WHAT NEEDS TO BE DONE: Each line from the one holding "Engage in fun" through the end of the records should be returned exactly, while pictures are skipped.
########################################
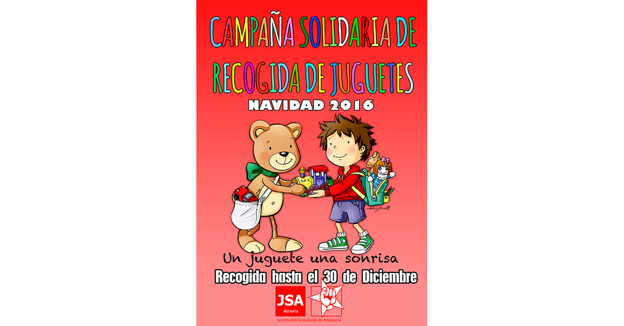 Juventudes Socialistas de Almería ha iniciado la quinta edición de su ya tradicional campaña de recogida de juguetes solidaria bajo el lema “Un juguete, una sonrisa”. Como en campañas anteriores, el secretario general de JSA en la provincia, Ramón Soto, ha explicado que los jóvenes socialistas de toda la provincia se encargarán de recoger “en cada una de sus sedes locales, hasta el día 30 de diciembre, juguetes nuevos o usados en buenas condiciones, que serán entregados a los niños y niñas con menos recursos de toda la provincia”.
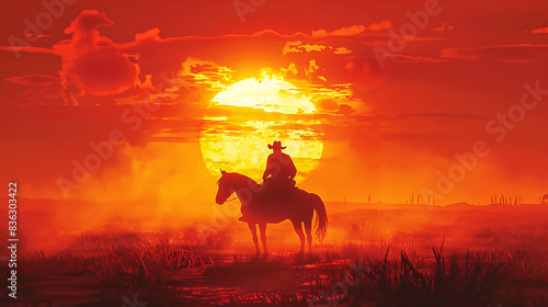 A lone cowboy, silhouetted against the blazing sunset in the vast expanse of the desert, his trusty horse by his side.
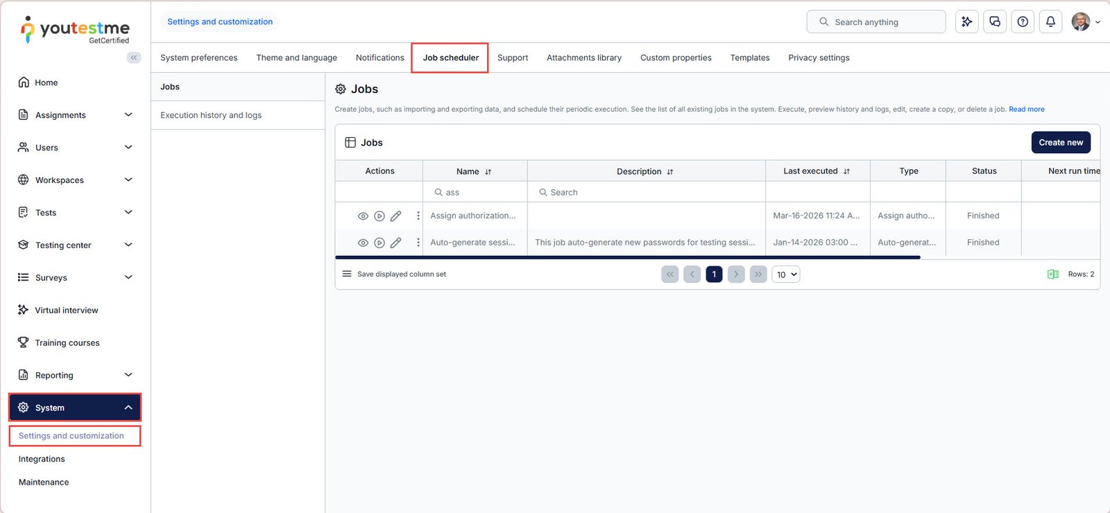 After defining conditions for the desired sections, select the System/System and customization tab and the Job scheduler tab.
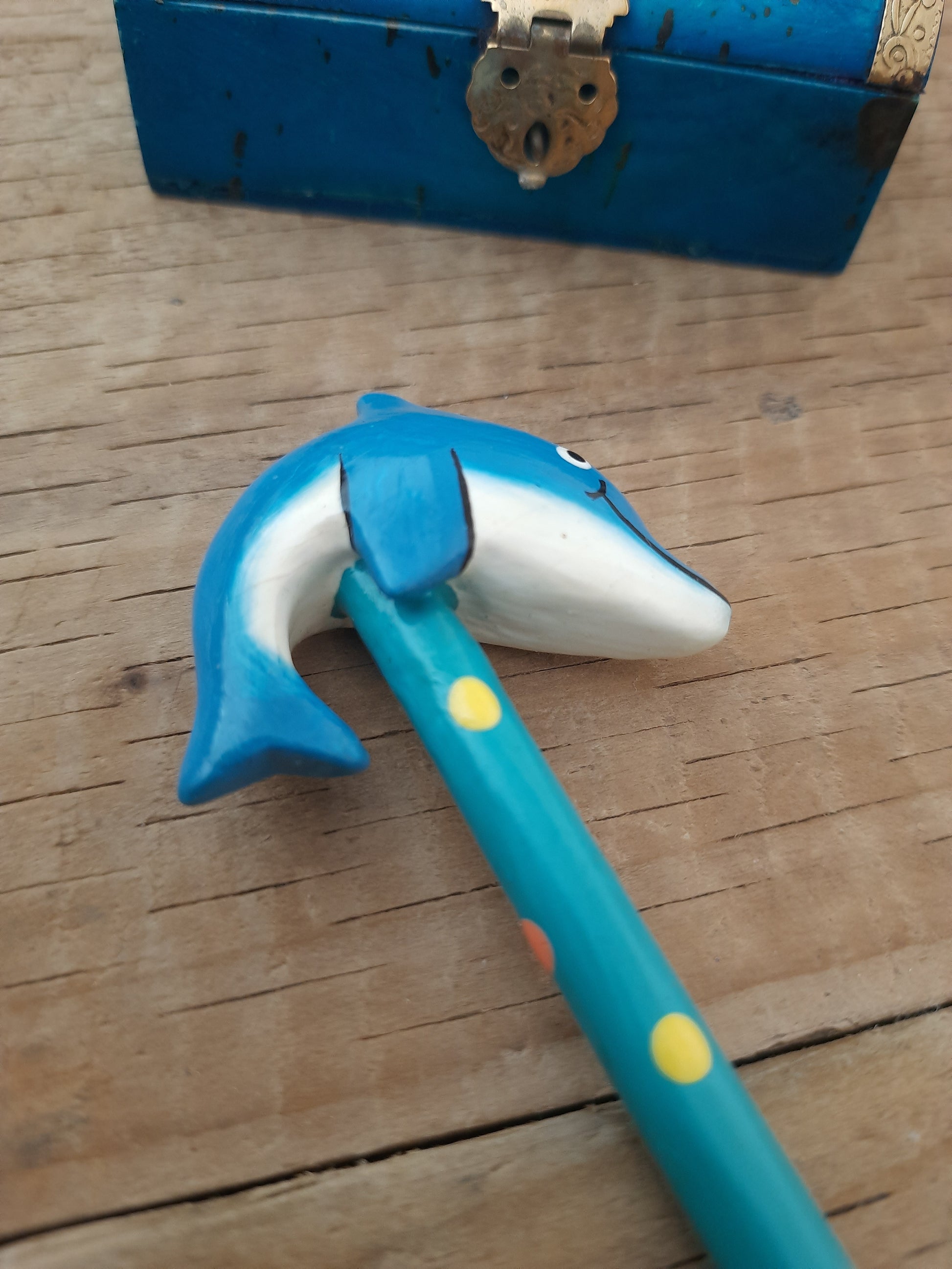Young one's imagination will go wild with this extremely cute and adorable dolphin themed wooden pencil.
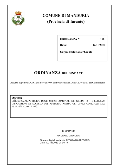 L’ordinanza del sindaco Pecoraro che dispone la chiusura degli uffici comunali per domani e dopo domani
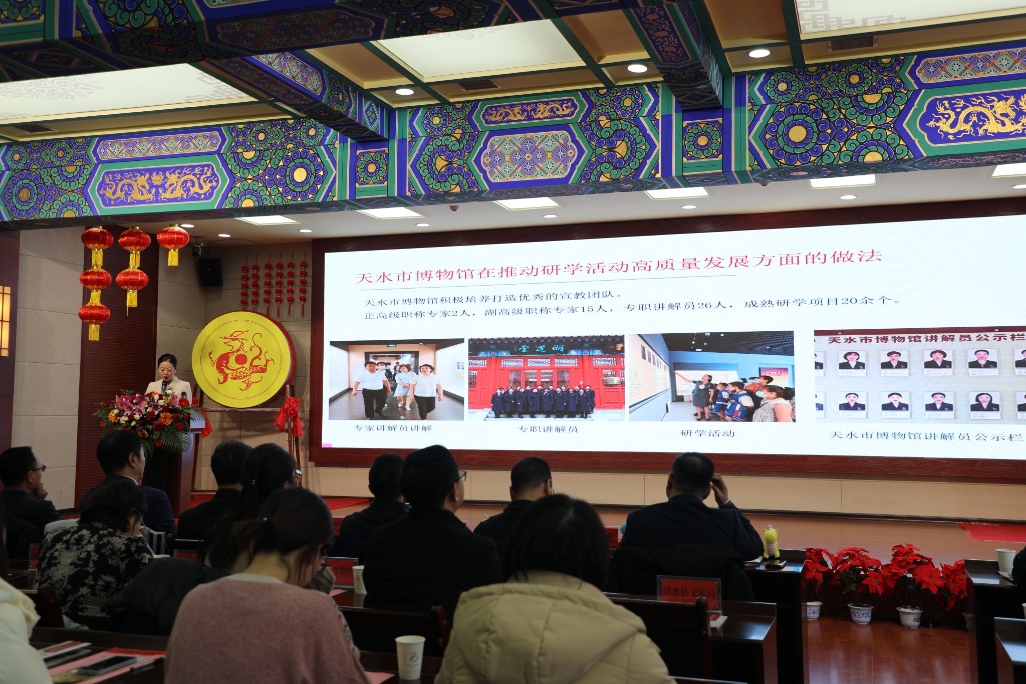 为贯彻落实省文化和旅游厅及省文物局“龙腾盛世 博动陇原——博物馆里过大年”有关精神,丰富人民群众精神文化生活,营造欢乐祥和的春节氛围,充分发挥博物馆资源优势,助推校外教育和“双减”工作。1月30日下午,天水市文化和旅游局发布了以“龙年逛龙城 研学天水行”为主题的2024年冬春研学旅行活动发布会,该发布会由天水市博物馆承办并在会上介绍了本馆精品研学课程。
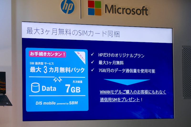 ▲WWANモデルは、最大3ヶ月無料で利用できるSIMカード(7GB /月)を同梱
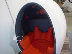 オーディオハートは、“パーソナルホームシアター用チェアスピーカー”と銘打つタマゴ型のシステム「VRS-1」と「VRS-2」を展示。「VRS-1」が内部に11.2chサラウンドスピーカーを装備する上位モデル、「VRS-2」は7.2chにして価格も抑えたモデルだ。昨年は「VRS-1」のみの展示だったが、今回は「VRS-2」も体験できるようにしていた。
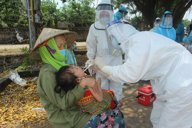 Các y, bác sĩ lấy mẫu xét nghiệm cho người dân xóm Phú Dương 2.
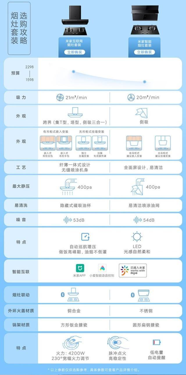 如果想优惠可以买套装,互联网与智能系列的油烟机和灶具互相捆绑销售,直接入互联网烟灶套装即可。
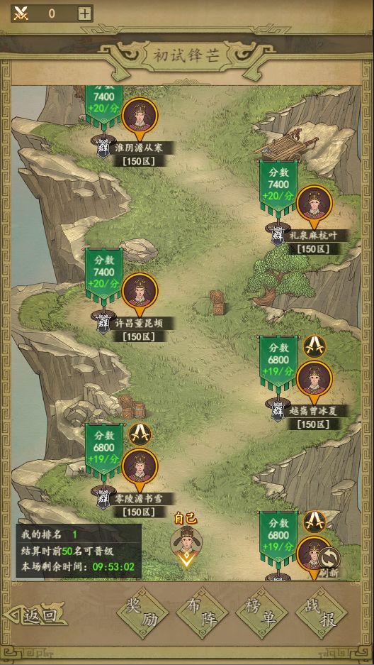 比赛规则:前2天各赛场分数排名满足条件的玩家可以晋级下一赛场。未晋级的玩家在当前赛场继续比赛。前2场比赛需要上阵2支队伍,第3场比赛需要上场3支队伍。比赛采用车轮战的形式,胜利的队伍回到队尾等待下一场战斗,直到全灭对手。21点以后无法再发起战斗,但仍可以进入赛场。24点结算当日排名,晋级名次内的玩家可以进入下一赛场。玩家只能攻打比自己分数高一档的玩家,攻打胜利后可以与对方交换位置。可攻打的玩家头顶会有剑标识,每次攻打都会消耗攻打次数,次数不足时可以花费元宝购买,购买次数越多,花费越高。
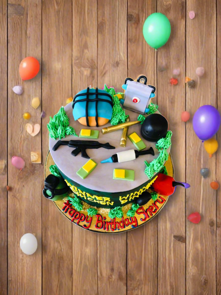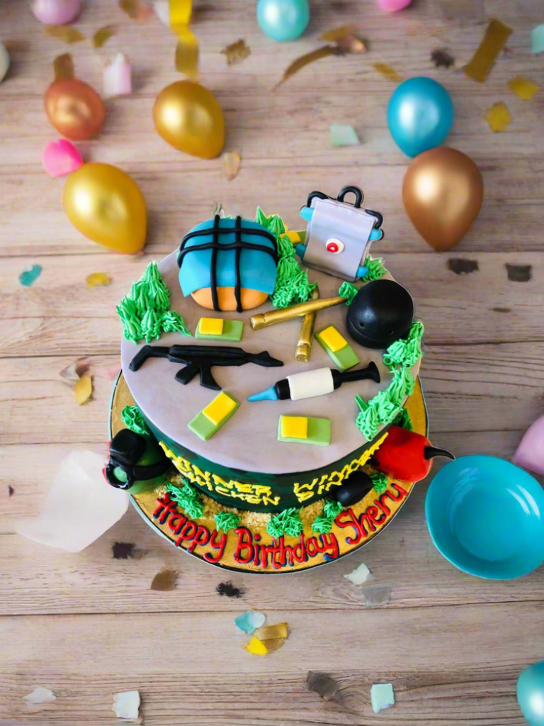 Engage in fun with our egg-free, nut-free PUBG Cake, available in vegan. Offering delivery in Mississauga, Brampton, Toronto, and reaching Milton, Oakville, Richmond Hill, Ajax, Vaughan. Perfect for "cake near me" searches.
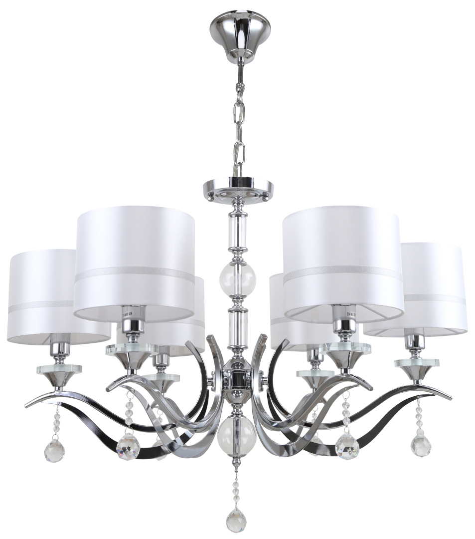 Люстра подвесная из коллекции Flippe выполнена из металла, гальванизированного в цвет хрома. Люстра декорирована прозрачным хрусталем в форме шара и декоративными розетками из прозрачного стекла. Источники света закрыты белыми текстильными абажурами с термостойким акрилом внутри. Абажуры отделаны серым кантом.
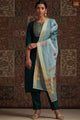 Teal blue, blue yoke design kurta & trousers with dupatta
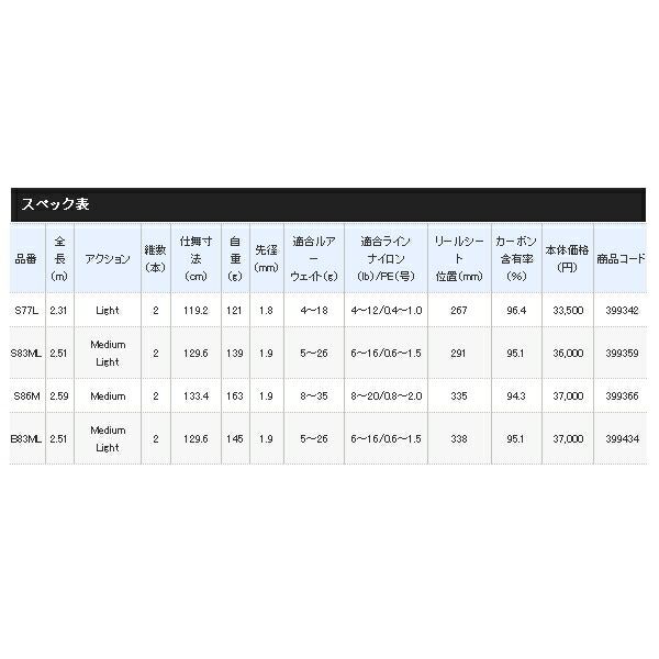 ディープダイバー、スプーン、ヘビーシンキングミノー等の幅広いルアーに対応します。河川の強い流れの中をダウンクロスでルアーを送りこむような場合においても、ルアーをしっかりと操作することができます。また、粘りのあるトルクフルなブランクス設計とベイトリールが生み出すパワフルな巻き上げ力により、大型トラウトの強烈な引きにも対応できるパワーを秘めています。前作にはラインナップしなかった83のベイトモデルです。
########################################
SOLUTION TO THE PROBLEM:
 Engage in fun with our egg-free, nut-free PUBG Cake, available in vegan. Offering delivery in Mississauga, Brampton, Toronto, and reaching Milton, Oakville, Richmond Hill, Ajax, Vaughan. Perfect for "cake near me" searches.
 Люстра подвесная из коллекции Flippe выполнена из металла, гальванизированного в цвет хрома. Люстра декорирована прозрачным хрусталем в форме шара и декоративными розетками из прозрачного стекла. Источники света закрыты белыми текстильными абажурами с термостойким акрилом внутри. Абажуры отделаны серым кантом.
 Teal blue, blue yoke design kurta & trousers with dupatta
 ディープダイバー、スプーン、ヘビーシンキングミノー等の幅広いルアーに対応します。河川の強い流れの中をダウンクロスでルアーを送りこむような場合においても、ルアーをしっかりと操作することができます。また、粘りのあるトルクフルなブランクス設計とベイトリールが生み出すパワフルな巻き上げ力により、大型トラウトの強烈な引きにも対応できるパワーを秘めています。前作にはラインナップしなかった83のベイトモデルです。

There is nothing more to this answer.